# A multi-car oil train derails in Oregon's Columbia River Gorge



## AmtrakBlue (Jun 3, 2016)

https://twitter.com/KATUNews

http://www.oregonlive.com/pacific-northwest-news/index.ssf/2016/06/oil_train_derails_near_hood_ri.html#incart_big-photo

Is this the same track for 27/28's Empire Builder?


----------



## tim49424 (Jun 3, 2016)

No. The Empire Builder track is on the Washington side of the river. However, you can see that track from 27/28.


----------



## jis (Jun 3, 2016)

No. It used to be the track that was used by the Pioneer (I have actually traveled on that track several times in the early '80s). It is on the UP on the Oregon bank of the river. 27/28 runs on BNSF on the Washington bank of the river.


----------



## AmtrakBlue (Jun 3, 2016)

Ok. I was just checking the maps and figured it out.


----------



## fairviewroad (Jun 3, 2016)

Passengers on this afternoon's 28 heading east from Vancouver, WA should get a nice view of the smoke plume across the river, though.

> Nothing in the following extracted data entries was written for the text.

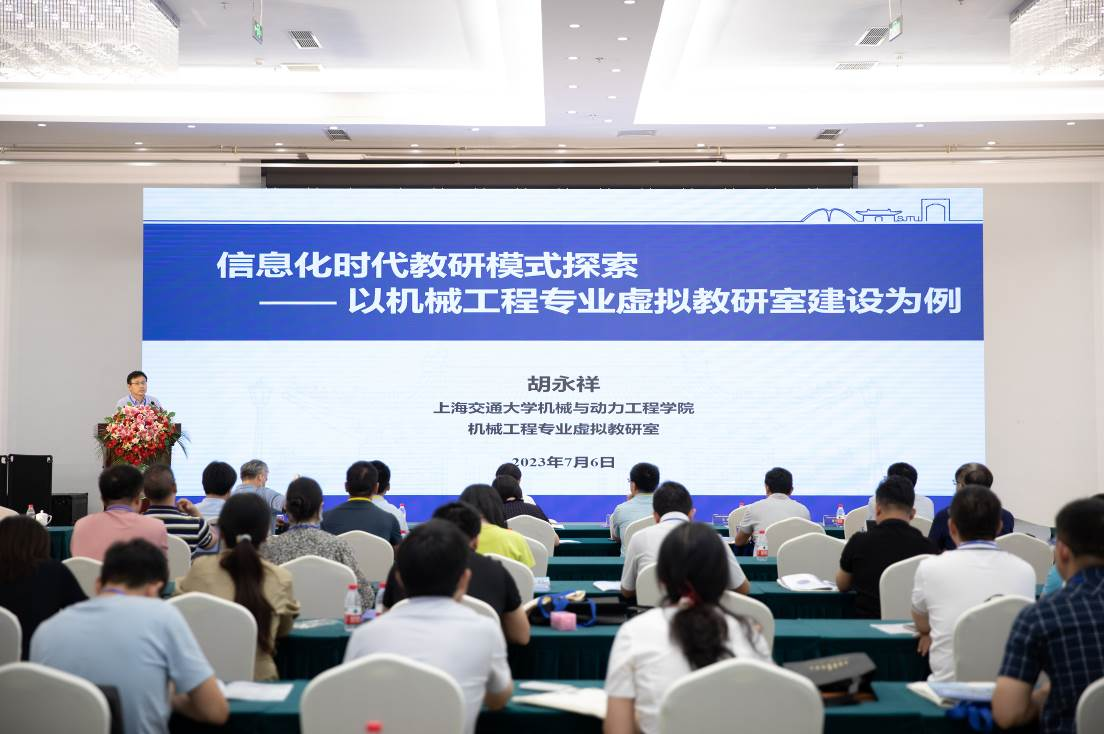 大会报告阶段,上海交通大学机械与动力工程学院党委副书记胡永祥以《信息化时代教研模式探索——以机械工程专业虚拟教研室建设为例》为题作交流报告。西安交通大学先进制造技术研究所所长、机械制造技术基础国家虚拟教研室副主任张俊以《虚实融合 多效联动 机械制造类课程教学迈入新台阶》为题作交流报告。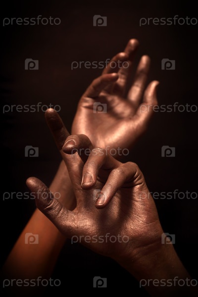 Мужские руки в бронзовой краске на черном фоне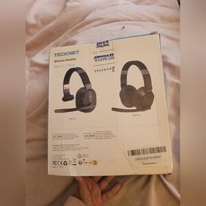 TeckNet wireless headset with black design. Includes USB adapter and charging dock.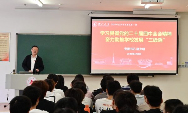 2026年4月8日,学校党委书记骆少明教授在仙溪校区C3-205课室,以“学习贯彻党的二十届四中全会精神,奋力助推学校发展‘三级跳’”为题,为机电学院2024级机械电子工程1-3班学生讲授春季学期“思政第一课”。学校党委副书记、纪委书记许晓珠,党政办、组织部、宣传部、纪检室、教务部、马克思主义学院、机电工程与自动化学院等单位负责人及教师代表共同聆听。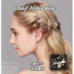 髪飾り ヘアピン Uピン リーフ 3本セット ゴールド シルバー ウェディング 謝恩会 パーティー 発表会 着物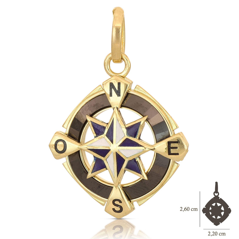 Pendente a forma di Rosa Dei Venti in oro giallo 18 carati e smalti. Il peso è di 4,90 grammi.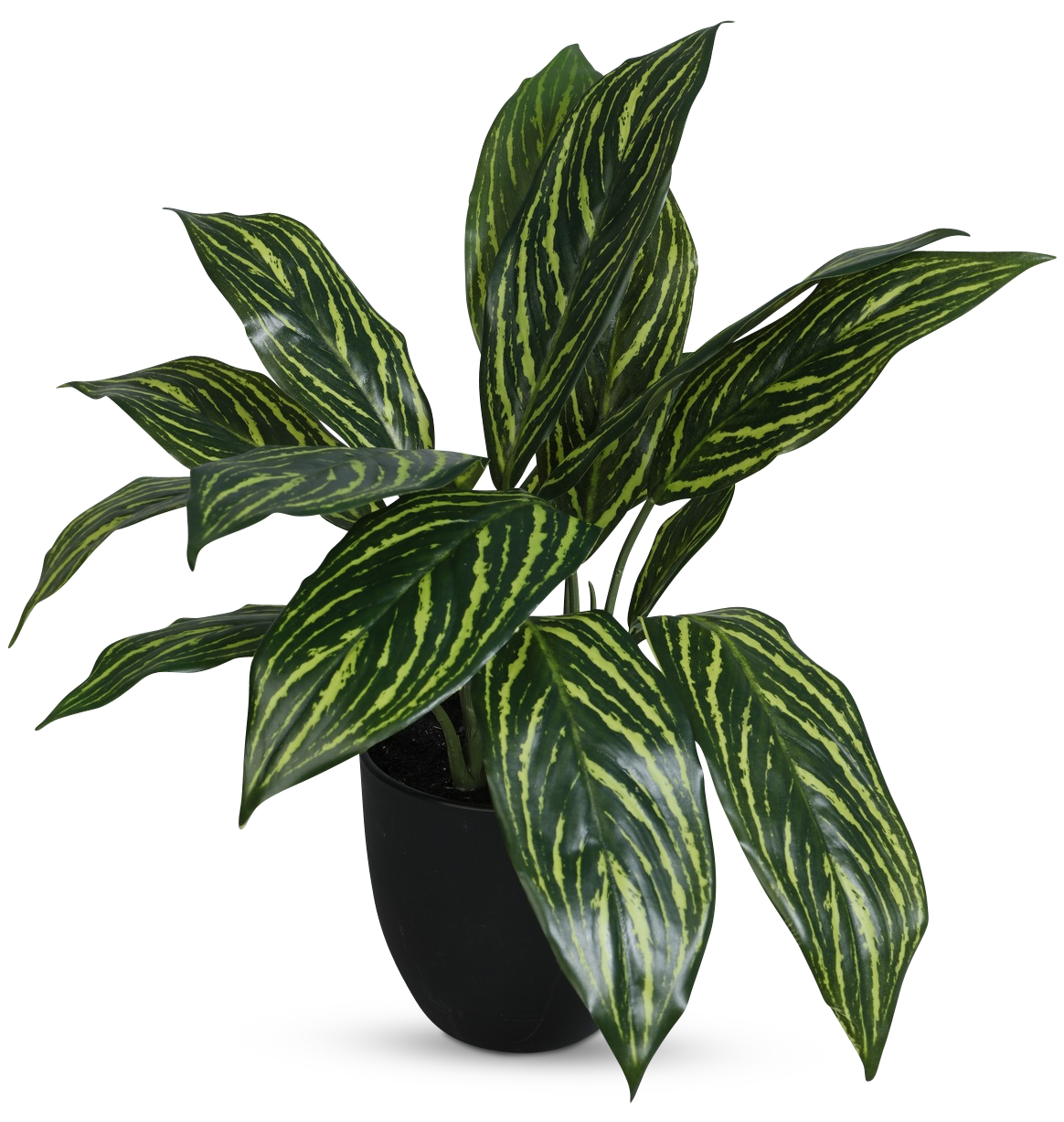 En kunstig Philodendron komplett i en svart plastkrukke. Totalhøyde 35 cm høy.

Not to mention a nice view of the horrendous traffic jam that's plaguing SR-14, since I-84 has been shut down on the Oregon side.


----------



## neroden (Jun 3, 2016)

This is going to cause further pressure to shut down oil train traffic on routes which go through areas like gorges. UP will probably be sued for reckless endangerment.


----------



## the_traveler (Jun 3, 2016)

What I can't figure out is if was carrying crude from the Bakken Fields to Tacoma, why was it on UP in Oregon and not BNSF? :huh: Does UP even serve the oil fields?


----------



## CCC1007 (Jun 4, 2016)

the_traveler said:


> What I can't figure out is if was carrying crude from the Bakken Fields to Tacoma, why was it on UP in Oregon and not BNSF? :huh: Does UP even serve the oil fields?

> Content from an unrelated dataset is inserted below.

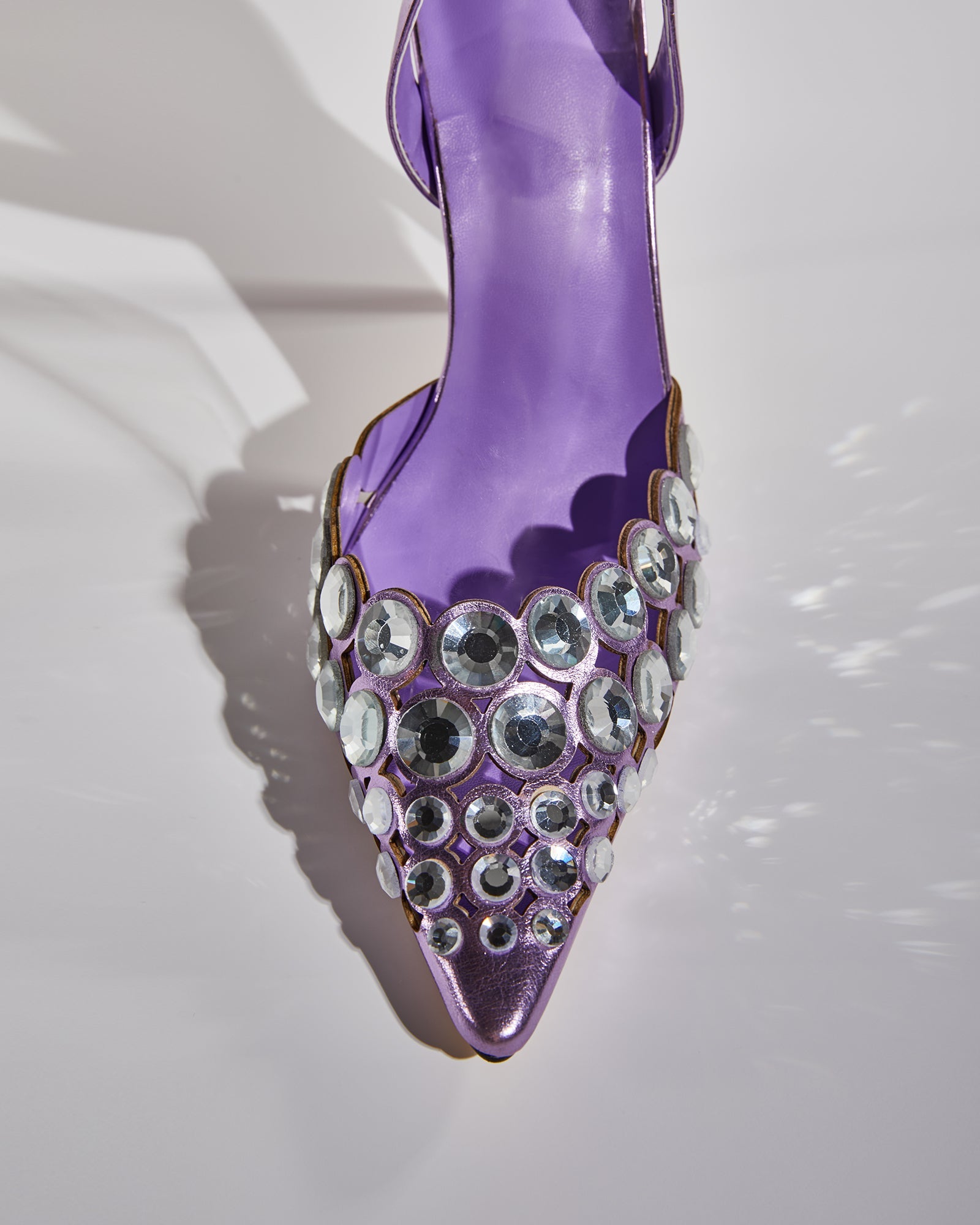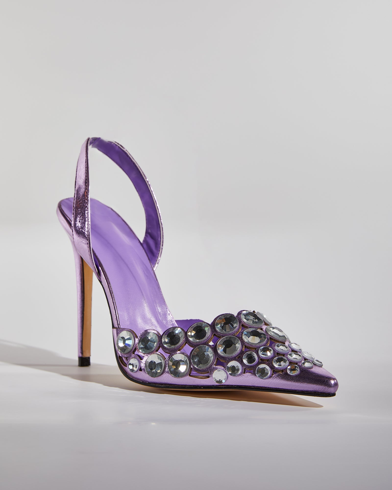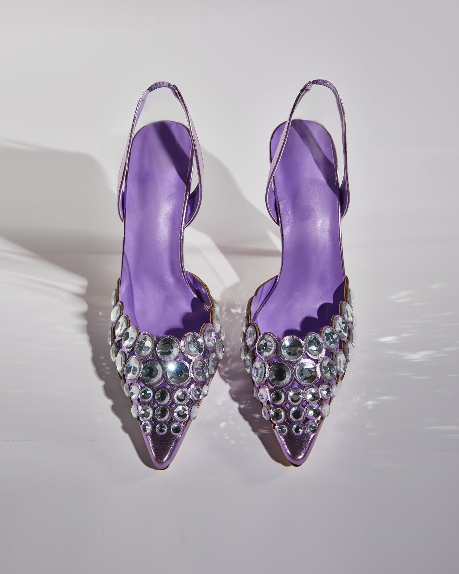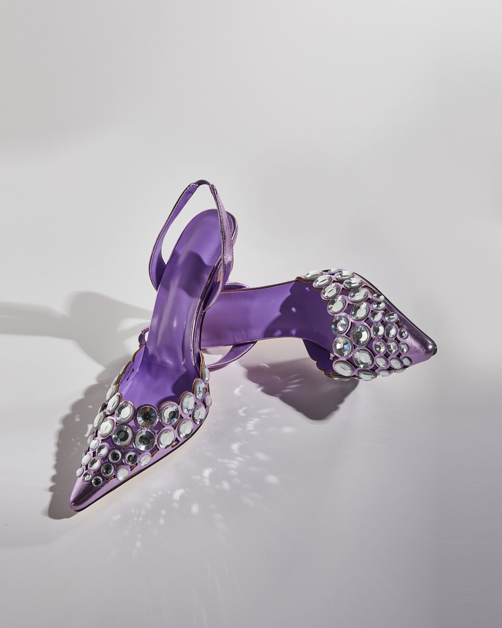 Step into style with our Carolina Rhinestone Slingback Pumps! These dazzling shoes feature rhinestone accents and a comfortable slingback design. Perfect for any occasion, the deep purple color is sure to make a statement. Elevate your wardrobe and turn heads with the Carolina Rhinestone Slingback Pumps.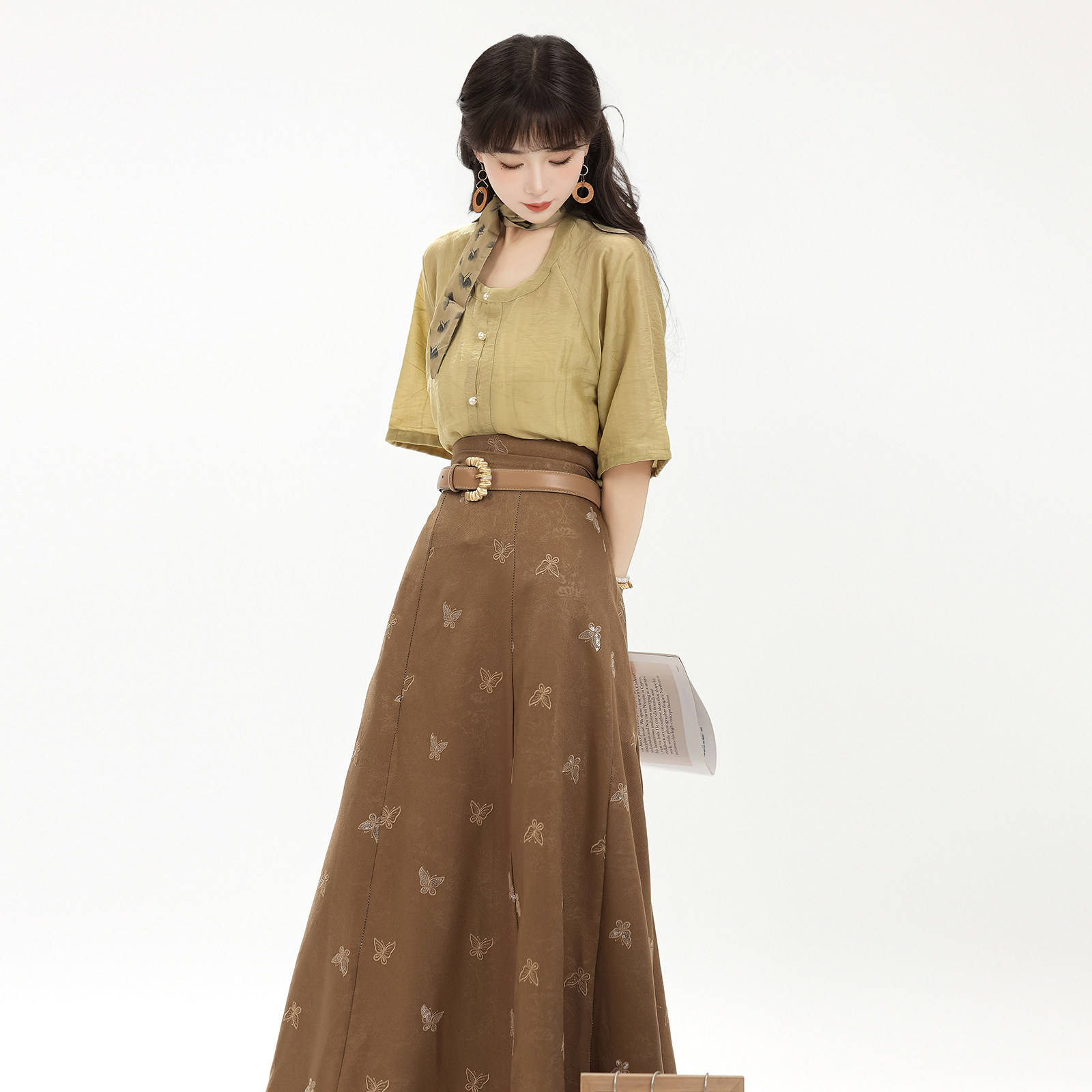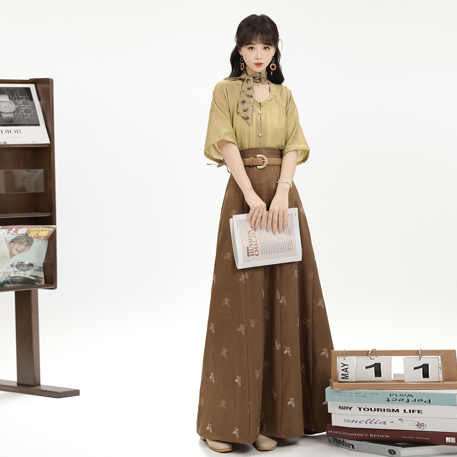 📚 新款【月棠】原创汉服女改良日常通勤刺绣八破裙圆领对襟夏新中式

They don't serve the Bakken fields but there are other sources in their service area.


----------



## Palmetto (Jun 4, 2016)

UP doesn't, but CP does, and one theory is the train went north from North Dakota on the CP into Canada, then west to get to the UP at Eastport, ID.

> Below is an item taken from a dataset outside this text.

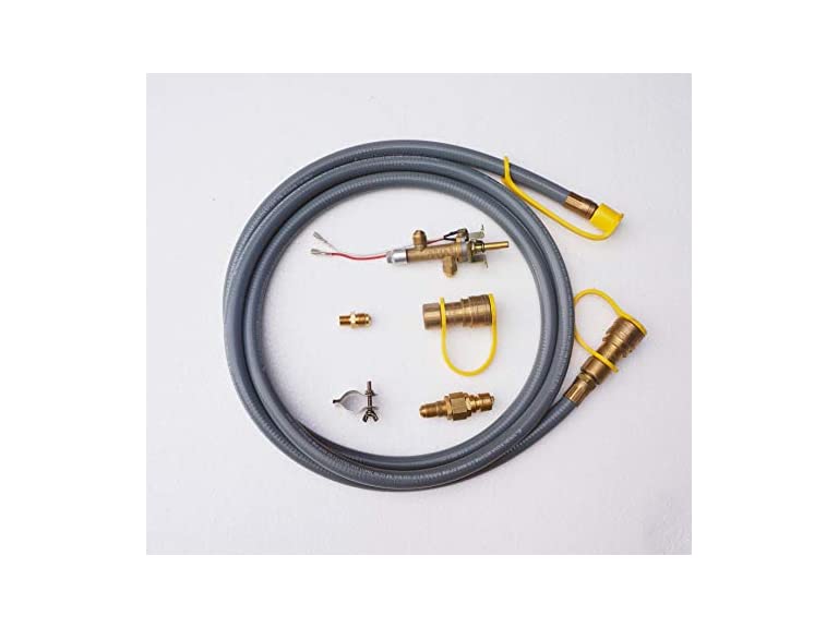 - Contents include: a 10 ft natural gas hose, 2 sets of quick disconnect devices, one connector, one gas valve with microswitch, 1 clamp (burner air adjustment), 1 orifice (injector)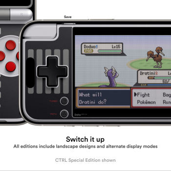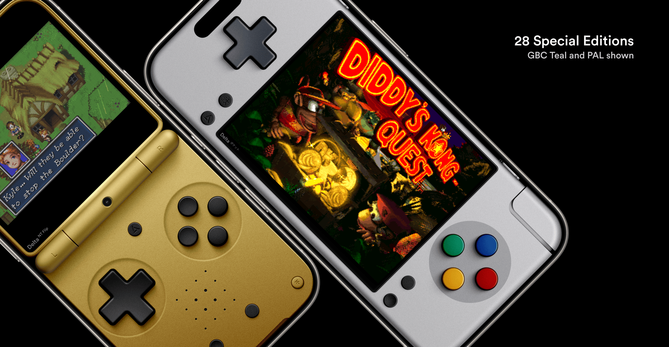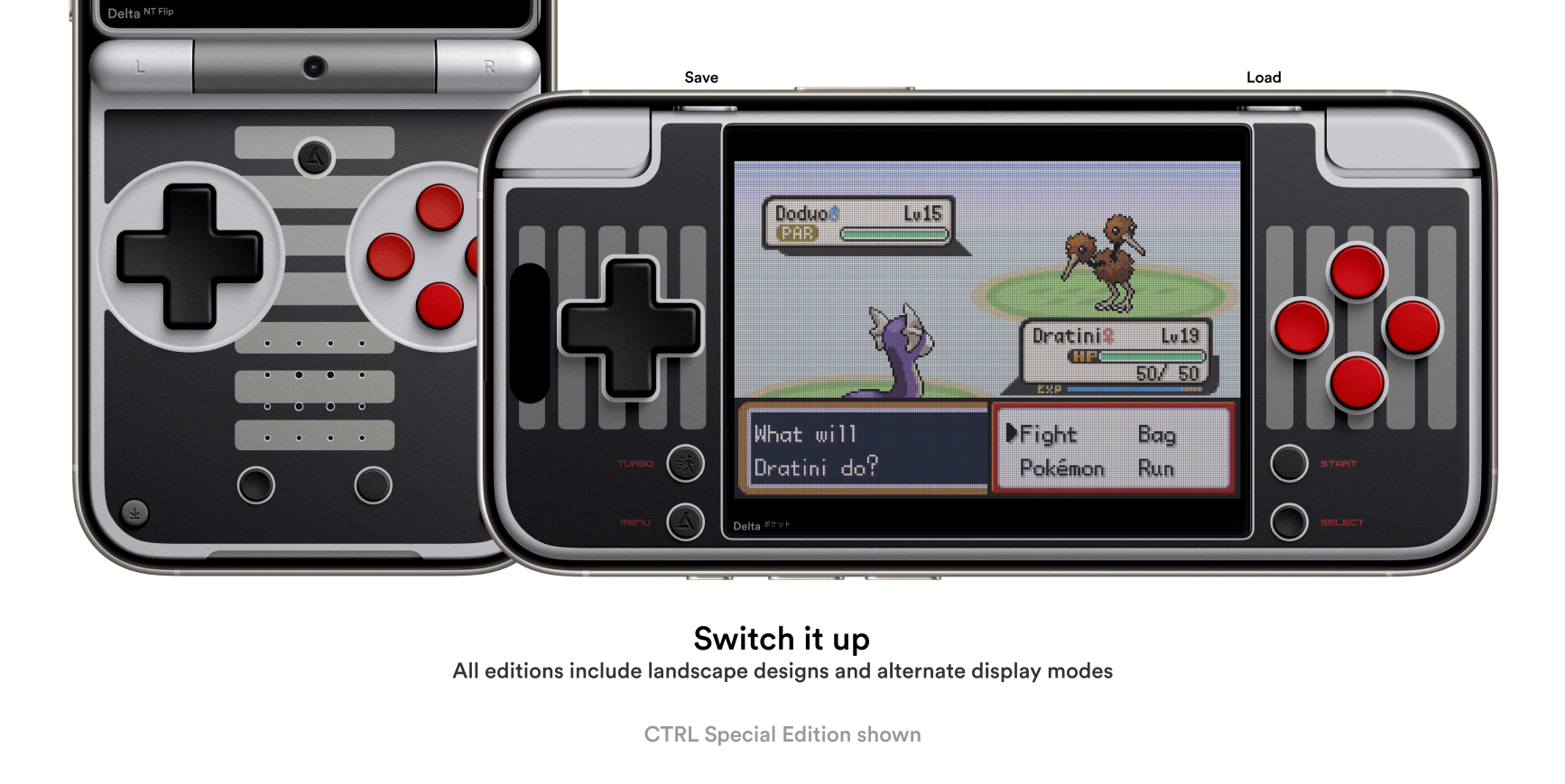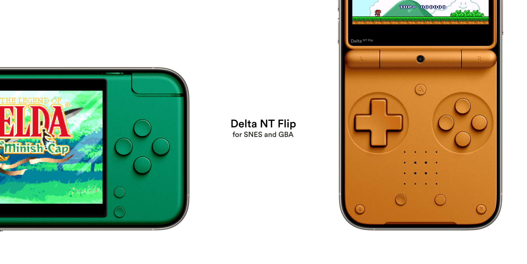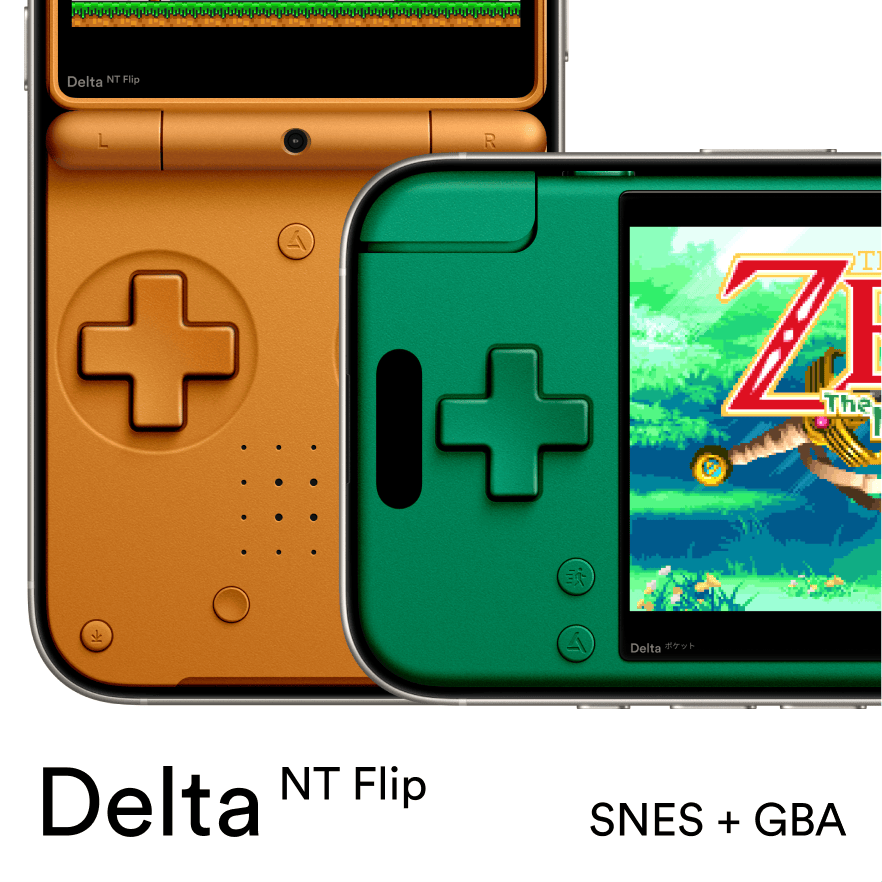 Delta NT Flip is a sort of cross between an Analogue Pocket, a 2DS XL, and a Game Boy Advance SP– built on the foundation of the Delta Pocket design! This preview includes the Orange edition for SNES, and the Green edition for GBA. If you love this layout, check out the full collection, which includes 14 Classic Colors, 28 Special Editions, and 12 Transparent Editions– all available for both SNES and GBA!

It's a roundabout routing, but it's quite possible. From Eastport, the train could go south on the UP thru Spokane and down to Hinkle, OR, then west again to the point of derailment. This routing of the UP in Oregon and Washington is a regular occurence.


----------



## CCC1007 (Jun 4, 2016)

Palmetto said:


> UP doesn't, but CP does, and one theory is the train went north from North Dakota on the CP into Canada, then west to get to the UP at Eastport, ID.
> 
> It's a roundabout routing, but it's quite possible. From Eastport, the train could go south on the UP thru Spokane and down to Hinkle, OR, then west again to the point of derailment. This routing of the UP in Oregon and Washington is a regular occurence.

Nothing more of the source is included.